*WHAT NEEDS TO BE DONE*. Everything below from the line with "入口是雙扇門, 但沒弄同時開閉機關. 然後是木塊+原木做門框." through the line with "アメリカ独立記念日 女性用 ブラウス" must be retyped exactly, except the pictures.

*DATA UNDER STUDY*.
┄┄┄┄┄┄

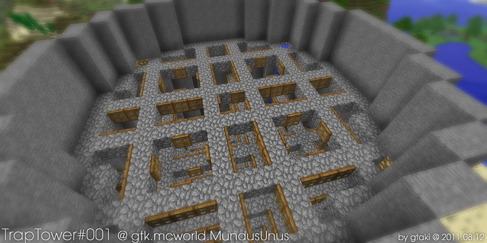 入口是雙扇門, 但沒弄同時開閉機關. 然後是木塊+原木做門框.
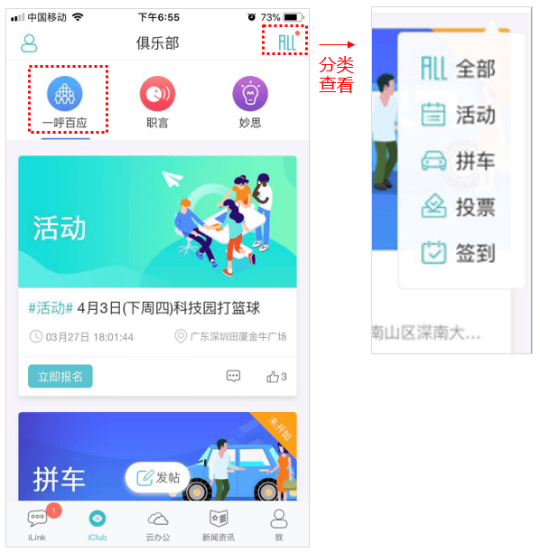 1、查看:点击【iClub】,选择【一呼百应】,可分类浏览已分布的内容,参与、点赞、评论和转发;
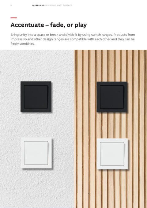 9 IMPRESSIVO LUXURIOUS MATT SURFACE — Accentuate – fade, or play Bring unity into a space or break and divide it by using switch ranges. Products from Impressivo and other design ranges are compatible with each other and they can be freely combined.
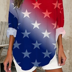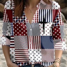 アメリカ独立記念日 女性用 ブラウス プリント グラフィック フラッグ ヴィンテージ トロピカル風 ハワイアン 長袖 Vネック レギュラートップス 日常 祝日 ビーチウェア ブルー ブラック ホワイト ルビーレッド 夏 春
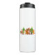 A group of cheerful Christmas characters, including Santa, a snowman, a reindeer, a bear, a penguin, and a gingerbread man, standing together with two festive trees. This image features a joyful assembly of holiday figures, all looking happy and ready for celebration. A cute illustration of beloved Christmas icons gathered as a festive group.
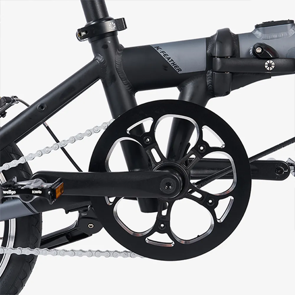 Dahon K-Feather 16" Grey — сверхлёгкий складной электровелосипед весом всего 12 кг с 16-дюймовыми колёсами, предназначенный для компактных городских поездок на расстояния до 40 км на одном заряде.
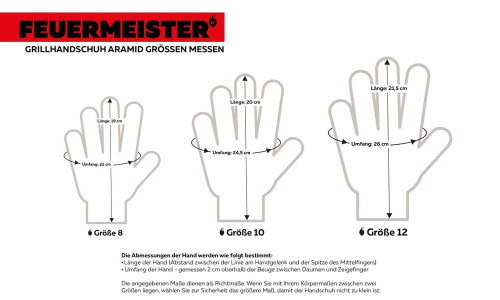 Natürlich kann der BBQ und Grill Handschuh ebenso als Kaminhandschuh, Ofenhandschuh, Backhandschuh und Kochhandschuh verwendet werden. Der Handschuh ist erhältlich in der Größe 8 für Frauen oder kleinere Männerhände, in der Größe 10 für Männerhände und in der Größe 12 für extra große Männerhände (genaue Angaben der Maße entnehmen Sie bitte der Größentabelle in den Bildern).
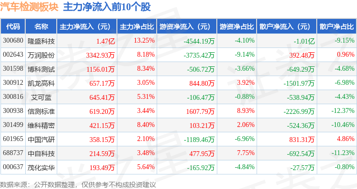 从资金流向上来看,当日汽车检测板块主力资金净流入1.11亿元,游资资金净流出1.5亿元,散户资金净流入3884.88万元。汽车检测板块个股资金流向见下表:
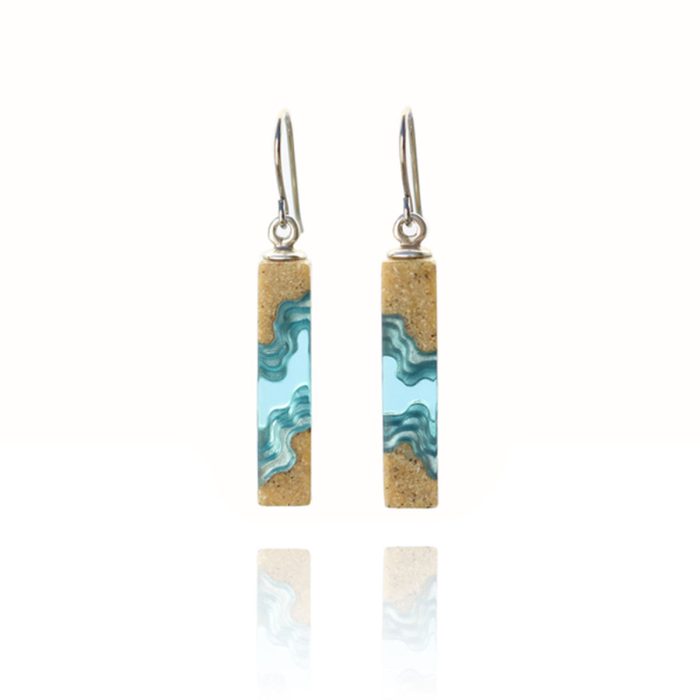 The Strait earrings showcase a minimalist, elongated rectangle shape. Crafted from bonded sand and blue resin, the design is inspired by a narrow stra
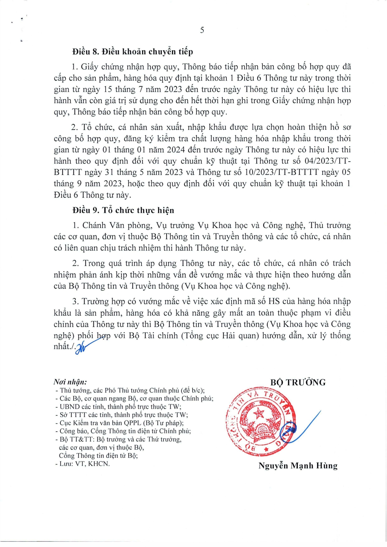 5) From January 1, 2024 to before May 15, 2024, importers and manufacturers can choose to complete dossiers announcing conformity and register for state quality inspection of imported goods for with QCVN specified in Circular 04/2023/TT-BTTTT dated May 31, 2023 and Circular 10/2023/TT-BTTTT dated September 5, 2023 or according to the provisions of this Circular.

┄┄┄┄┄┄

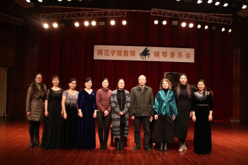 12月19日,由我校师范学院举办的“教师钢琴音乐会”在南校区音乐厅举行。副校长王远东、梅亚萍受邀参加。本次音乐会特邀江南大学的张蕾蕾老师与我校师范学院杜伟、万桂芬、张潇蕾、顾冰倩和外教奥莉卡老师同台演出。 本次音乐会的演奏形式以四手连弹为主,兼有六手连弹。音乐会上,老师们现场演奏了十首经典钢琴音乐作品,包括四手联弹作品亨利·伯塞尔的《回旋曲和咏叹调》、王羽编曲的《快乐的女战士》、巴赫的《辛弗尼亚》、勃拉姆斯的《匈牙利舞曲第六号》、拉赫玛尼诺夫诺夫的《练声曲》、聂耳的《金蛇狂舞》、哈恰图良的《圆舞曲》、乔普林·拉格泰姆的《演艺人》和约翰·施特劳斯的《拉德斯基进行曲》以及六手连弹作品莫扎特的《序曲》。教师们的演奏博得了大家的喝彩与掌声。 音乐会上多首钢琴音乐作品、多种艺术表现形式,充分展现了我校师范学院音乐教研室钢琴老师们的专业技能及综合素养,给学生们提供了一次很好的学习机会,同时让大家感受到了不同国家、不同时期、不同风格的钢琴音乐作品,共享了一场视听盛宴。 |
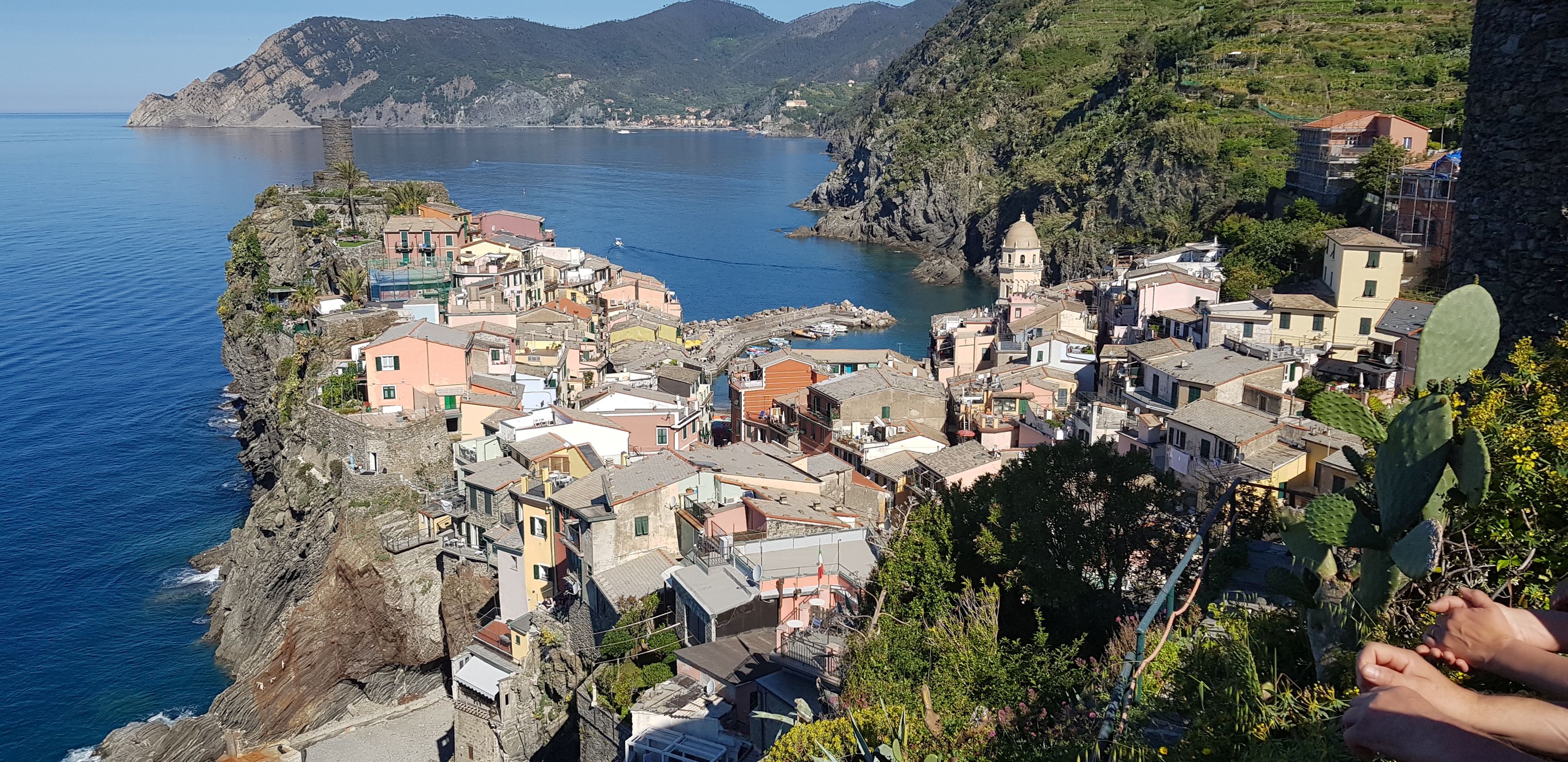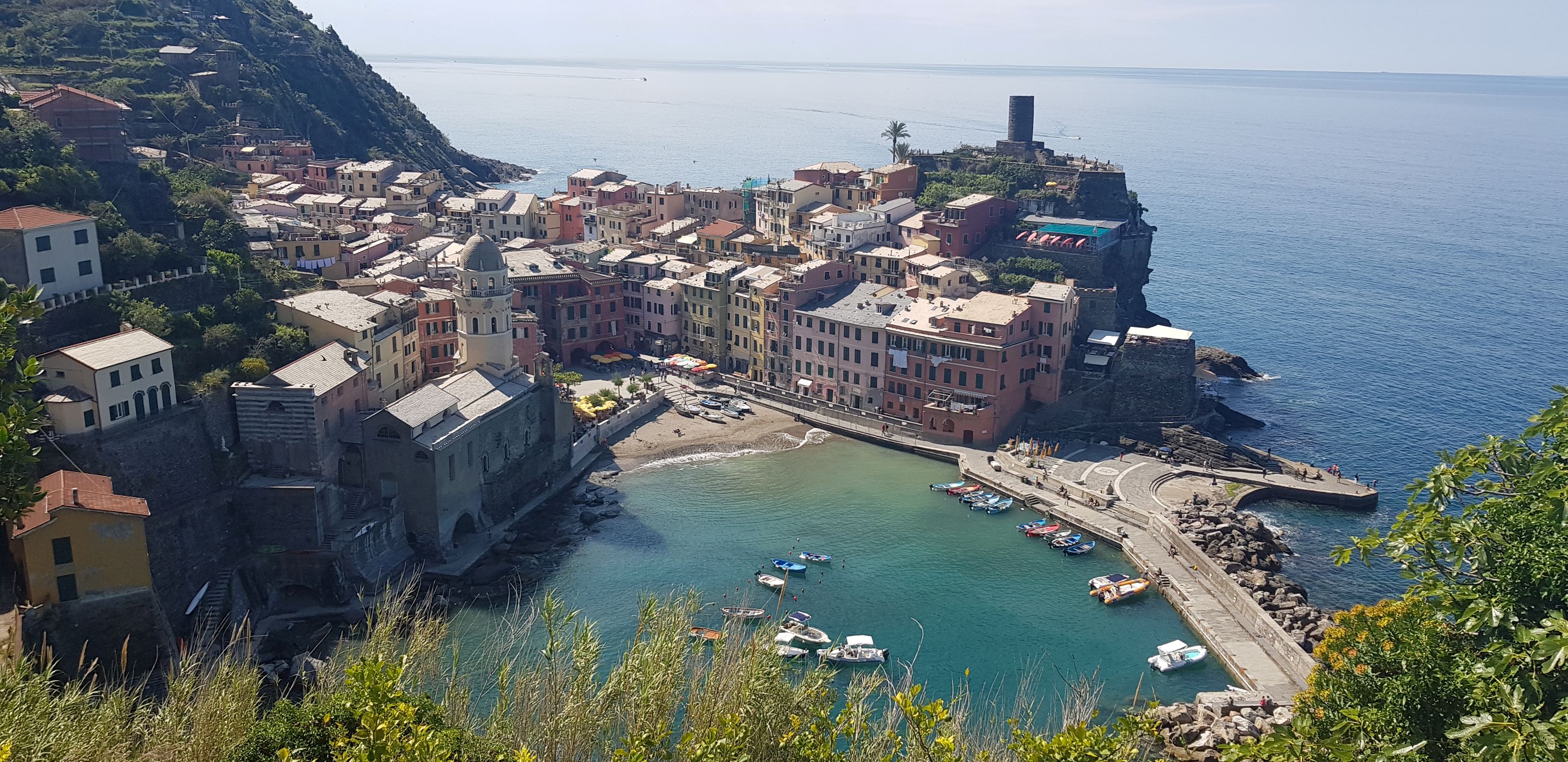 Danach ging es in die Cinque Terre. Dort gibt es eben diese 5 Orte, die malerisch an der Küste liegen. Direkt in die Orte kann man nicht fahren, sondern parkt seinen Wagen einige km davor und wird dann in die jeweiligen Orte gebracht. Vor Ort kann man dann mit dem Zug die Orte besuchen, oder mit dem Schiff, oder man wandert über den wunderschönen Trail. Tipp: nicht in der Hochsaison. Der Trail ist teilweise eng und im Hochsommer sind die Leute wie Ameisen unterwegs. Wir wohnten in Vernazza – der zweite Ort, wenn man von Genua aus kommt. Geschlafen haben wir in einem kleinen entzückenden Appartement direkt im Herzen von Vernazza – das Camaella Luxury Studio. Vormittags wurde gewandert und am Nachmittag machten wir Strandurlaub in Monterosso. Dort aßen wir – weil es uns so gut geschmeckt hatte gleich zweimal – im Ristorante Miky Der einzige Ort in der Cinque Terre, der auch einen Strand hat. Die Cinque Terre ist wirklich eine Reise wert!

┄┄┄┄┄┄

*ANSWER TO THE EXERCISE*.
 入口是雙扇門, 但沒弄同時開閉機關. 然後是木塊+原木做門框.
 1、查看:点击【iClub】,选择【一呼百应】,可分类浏览已分布的内容,参与、点赞、评论和转发;
 9 IMPRESSIVO LUXURIOUS MATT SURFACE — Accentuate – fade, or play Bring unity into a space or break and divide it by using switch ranges. Products from Impressivo and other design ranges are compatible with each other and they can be freely combined.
 アメリカ独立記念日 女性用 ブラウス プリント グラフィック フラッグ ヴィンテージ トロピカル風 ハワイアン 長袖 Vネック レギュラートップス 日常 祝日 ビーチウェア ブルー ブラック ホワイト ルビーレッド 夏 春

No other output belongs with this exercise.